Away from the palaces, jets and celebrity mates, Harry and Meghan are just like the best of us. And if we were even half decent, we should ask Meghan if she is okay. If Meghan were an athlete, no end of BBC pundits and ex-pros would line up to ask her ‘How does it feel?’. But being a Duchess is tougher than running through the rain in Gateshead. And that’s not a snide comment. It’s true. There are less big game royals than there are champion British athletes (but not champion British tennis players, who are positively regal). And at that rarified level, life must be peculiar. Meghan is a new mum and a new wife living in a new country. We can all relate to her in parts. We can sympathise. One writer says Royals’ “freedom of choice about their lives is almost as constrained as a slave’s”.
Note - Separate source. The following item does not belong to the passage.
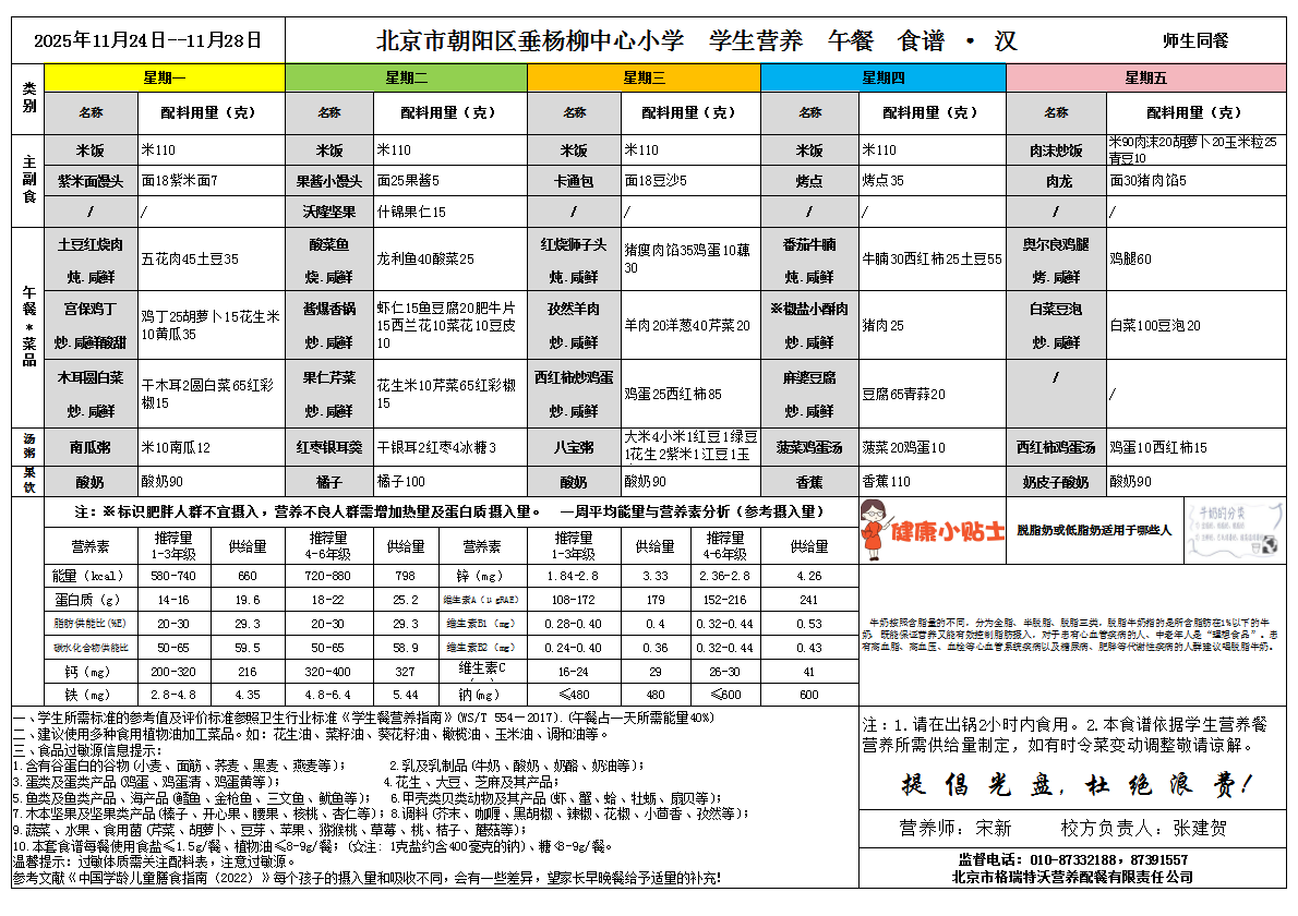 2025年11月24日-2025年11月28日学生营养餐菜谱(小学)

It’s not them. It’s us. Maybe ITV can help? Maybe between the ads for discount supermarkets and debt, we can get to the heart of why Meghan is “existing not living”. Can posho news anchor Tom Bradby can tap a blue vein for emotion?

No worries. Tom delivered. He lowered his voice like a guest whispering at a Royal wedding (he’s been to many). ‘How do you feel?’ he asked? “Any woman when you’re pregnant you’re vulnerable,” says Meghan. “And thank you for asking, not a lot of people have asked if I’m OK.”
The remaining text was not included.